IDPlot Facilitates Nucleotide Identity and Recombination Analysis
To further investigate recombination-driven diversity among these viruses we developed IDPlot, which incorporates several distinct analysis steps into a single Nextflow workflow [35] and generates a comprehensive HTML report to facilitate interpretation and further analysis. First, IDPlot generates a multiple sequence alignment using MAFFT (Figure 2A) [36] with user-assigned reference and query sequences. Default window size for sliding window analysis is 500 nucleotides, but is customizable. In its default configuration, IDPlot then generates an average nucleotide identity (ANI) plot, also displaying the multiple sequence alignment with differences to the reference sequence (colored vertical lines) and gaps (gray boxes) clearly highlighted. The plot is zoomable, and selected sequence regions can be exported directly to NCBI BLAST. Users can also choose to run GARD, the recombination detection program from the HyPhy suite of genomic analysis tools [29]. If GARD is implemented (Figure 2B), distinct regions of the multiple sequence alignment are depicted between the alignment and the ANI plot, and phylogenetic trees for each region are generated using FastTree2 (Figure 2C) [37] and displayed (Figure 2E).
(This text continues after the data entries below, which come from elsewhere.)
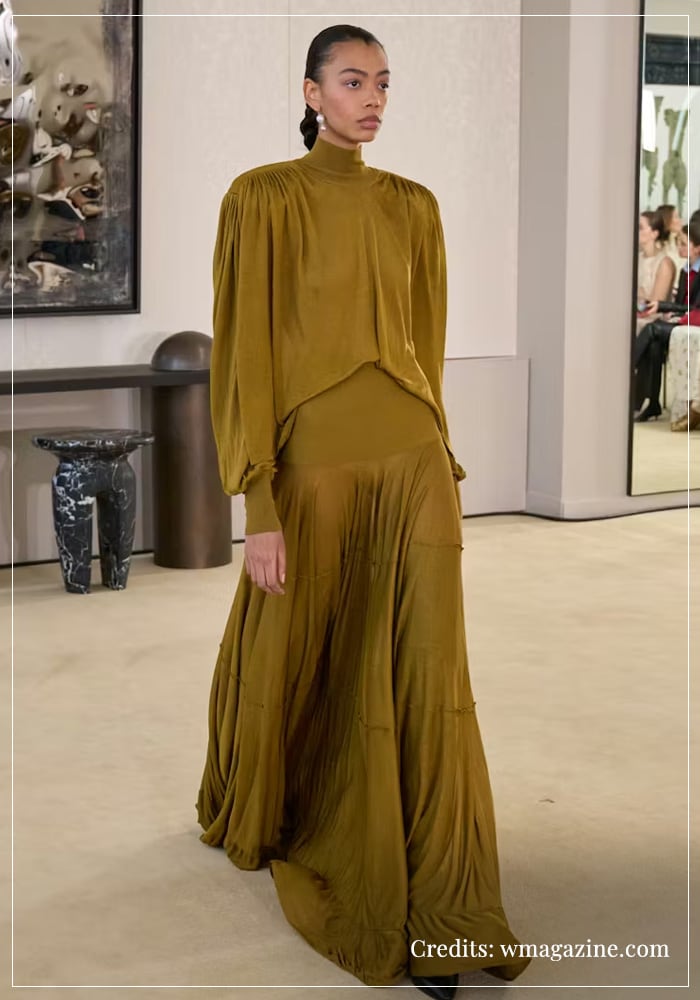 Proenza Schouler impressed with architectural tailoring and fluid silhouettes under fresh creative direction. The balance between structure and softness felt deliberate and confident. A cinched-waist trench in molten olive had editors mentally placing pre-orders.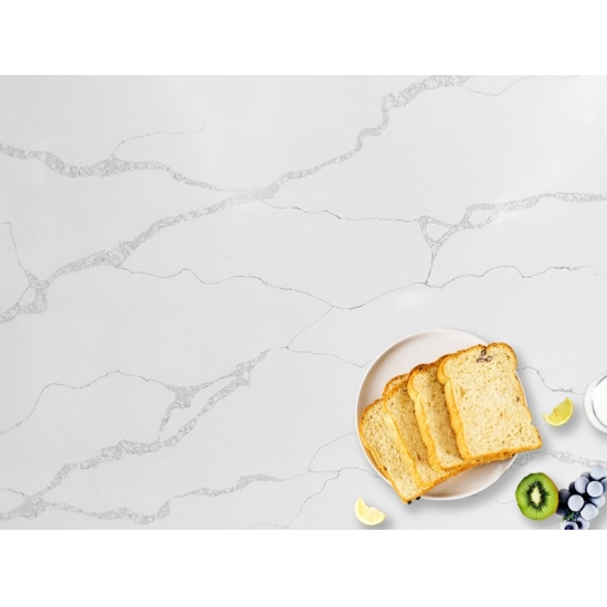 5088 卡拉卡塔特伦托石英石板材呈现出明亮的白色底面,点缀着醒目大胆的灰色纹理。鲜明的对比营造出强烈的层次感和动感。这款板材尽显奢华气派,无论是现代风格还是经典华丽的室内装潢,都能完美融入,彰显精致品味。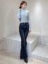 【トップス】襟付きのシャツがドッキングされたデザインです!少しショート丈なので、インせずにボトムスに重ねて着ていただくのがオススメです!寒い時期は、ヒートテック合わせもできます!春に向けた薄手のケーブルニットです◎ 【デニム】ポケットのハートデザインが可愛らしいてフレアデニムです♡大人気のカットアウトリボンデニムパンツと似ているシルエットです!162cmでMサイズを着用してみました!丈はヒール無しだと、かなりギリギリの長さです。小柄な方は裾上げや、ヒール、厚底と合わせていただくのがおすすめです◎ 【ブーツ】後ろのリボンデザインが可愛いブーツです♡スキニーの上に重ねて履くこともできます!ピンヒールでもぐらつき感が少なく、ヒール初心者さんにも是非履いていただきたいアイテムです!23.5cmの私はMサイズが丁度良かったです◎
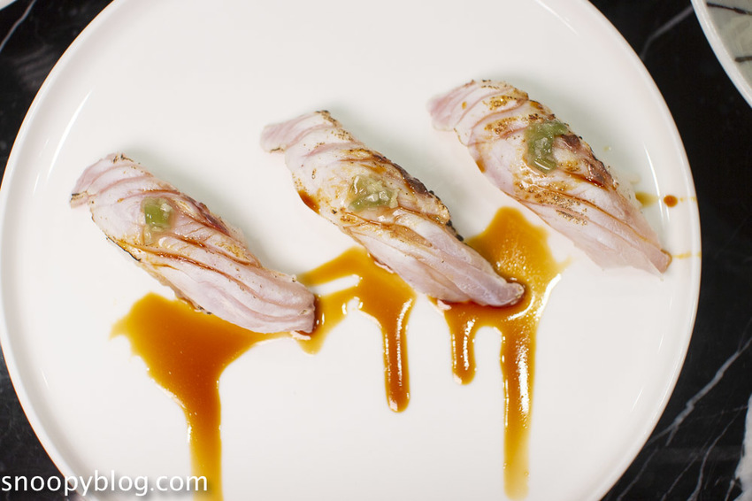 比目魚鰭邊油脂豐富經過炙燒後散發著迷人的香氣、口感軟綿。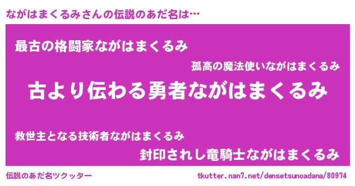 | 意味不明あだ名 | 『自称ながはまくるみ』 |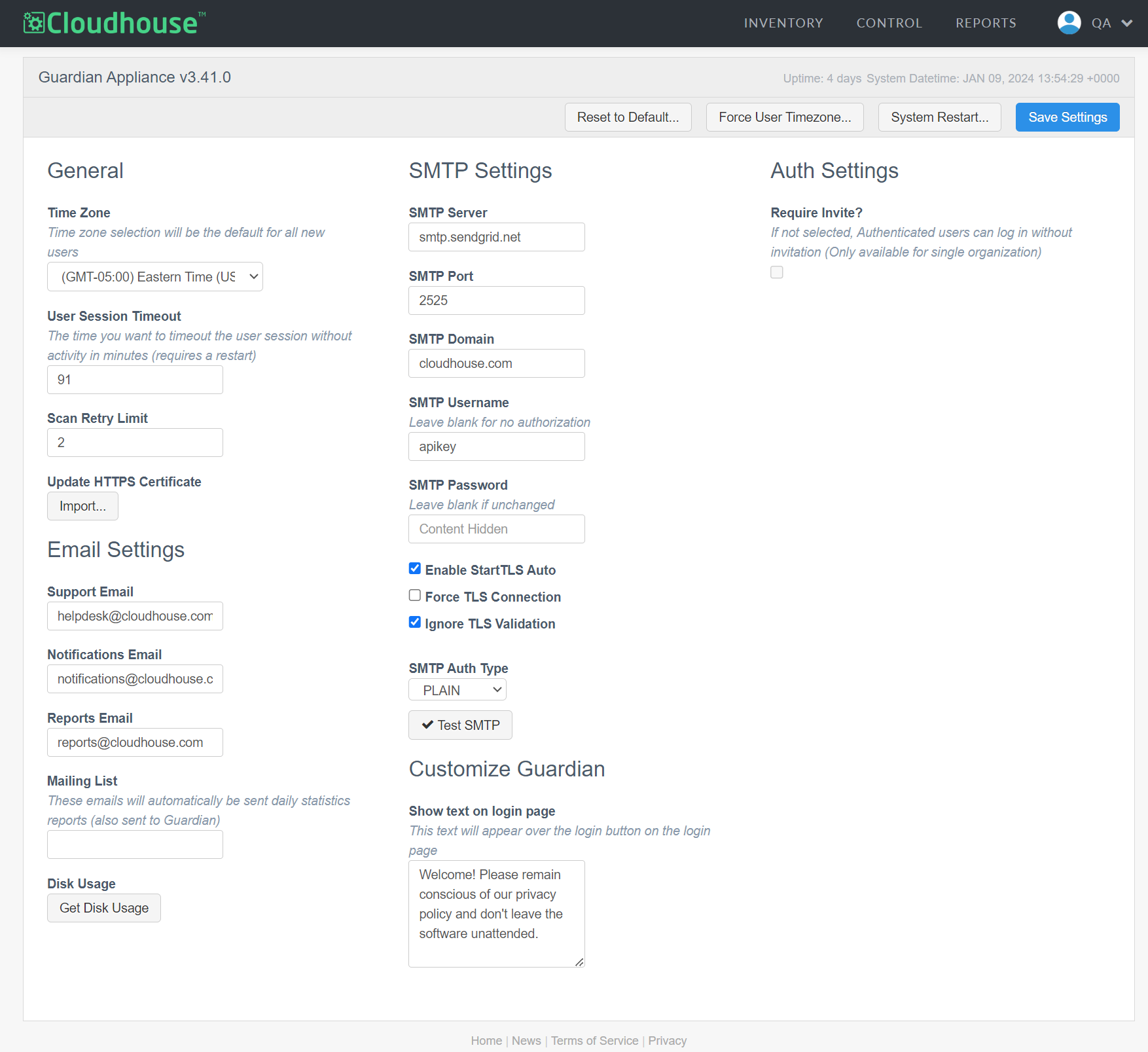 Tip: Only Guardian administrators can access the Settings page. If you don't have access to this page and believe you should, contact helpdesk@cloudhouse.com.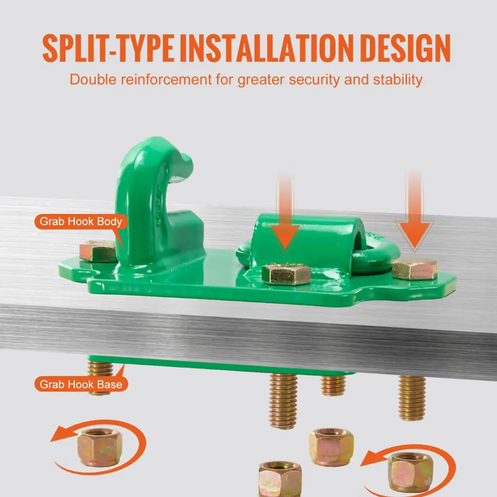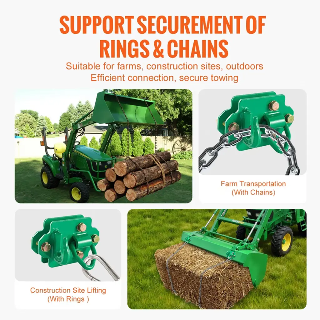 Feature: High Load Capacity: The tractor bucket hooks are constructed from G70-grade steel, providing exceptional strength and durability. With a maximum load capacity of 15,000 lbs, it offers a broad towing range and can accommodate various sizes, weights, and shapes of towed objects. This design ensures that towing tasks can be completed quickly and easily, making it an ideal choice for both agricultural and industrial applications. Easy Installation: The tractor grab hooks are compatible with 3/8" chains and fit most vehicles, including agricultural vehicles, tractor bucket, and off-road vehicles. It can be easily assembled and disassembled, allowing for convenient use without the need for drilling or external tools. The installation process consists of just four simple steps, making it user-friendly and efficient for everyone. Flexible & Efficient: This bolt on grab hook supports multiple applications, allowing users to choose between standalone towing or using it in combination with chains and shackles. By increasing towing length or stabilizing loads, it effectively addresses complex terrains, thereby enhancing overall work efficiency. This versatility ensures that it can adapt to various situations and requirements, making it an essential tool for a wide range of tasks. Durable & Reliable: The tractor hooks feature precise structural connections and secured with a dual-thick base to ensure stability during towing operations. The surface is coated with green powder for enhanced protection, making it rust-resistant and capable of withstanding harsh weather conditions. This robust design extends its lifespan, ensuring long-term reliability in demanding environments. Versatile Applications: The bolt on grab hook is widely applicable in heavy-duty operations across agriculture, industry, and construction. It is idea for lifting and moving heavy objects on farms and outdoor yards, as well as for transporting building materials at construction sites. This versatility makes it an excellent attachment for tractor buckets, enhancing productivity in various tasks. Package Content 2 x Tractor Bucket Hooks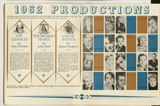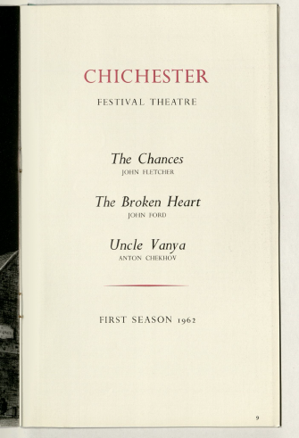 The First Night performance was held on 3 July 1962. Yet, despite all the planning and promotion, reviews and ticket sales of The Broken Heart and The Chances were not quite as favourable as hoped for. However, Uncle Vanya proved to be an absolute hit, and cemented the CFT’s place in British theatre.
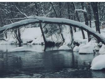 Framed, matted 5" x 7" photo of the Quinapoxet River, which parallels the Mass Central Rail Trail in West Boylston and Holden.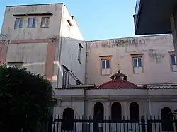 Das Gebäude hat einen U-Förmigen Grundriss (einen Mitteltrakt, flankiert von zwei Seitenflügeln), in dessen Zentrum eine kleine Kapelle mit einem Kreuz darauf liegt.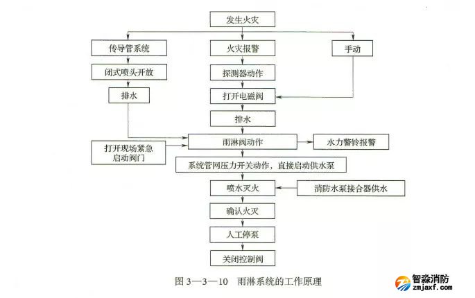 系統(tǒng)處于準(zhǔn)工作狀態(tài)時(shí),由消防水箱或穩(wěn)壓泵、氣壓給水設(shè)備等穩(wěn)壓設(shè)施維持雨淋閱入口前管道內(nèi)的充水壓力。發(fā)生火災(zāi)時(shí),由火災(zāi)自動(dòng)報(bào)警系統(tǒng)或傳動(dòng)管自動(dòng)控制開(kāi)啟雨淋報(bào)警閥和供水泵,向系統(tǒng)管網(wǎng)供水,由雨淋閥控制的開(kāi)式噴頭同時(shí)噴水。

A significant barrier to effective use of GARD is that because it ultimately presents multiple (sometimes dozens of) iterations, model choice and therefore the selection of breakpoints for further analysis can be challenging. To alleviate this issue the IDPlot output includes a graph with cumulative Akaike information criterion (ΔAIC-c) on the y-axis and the GARD iteration on the x-axis (Figure 2D). GARD uses ΔAIC-c to indicate the degree of fit improvement afforded by successive iterations, and this graph allows the user to easily determine when improvements become increasingly marginal, which is often accompanied by prediction of spurious breakpoints. Upon selection of a GARD iteration, the display switches to show the associated phylogenetic trees (Figure 2E). The ability to export sequences directly to BLAST enables the user to search for sequence identity in GenBank to regions sometimes highly divergent from reference sequences.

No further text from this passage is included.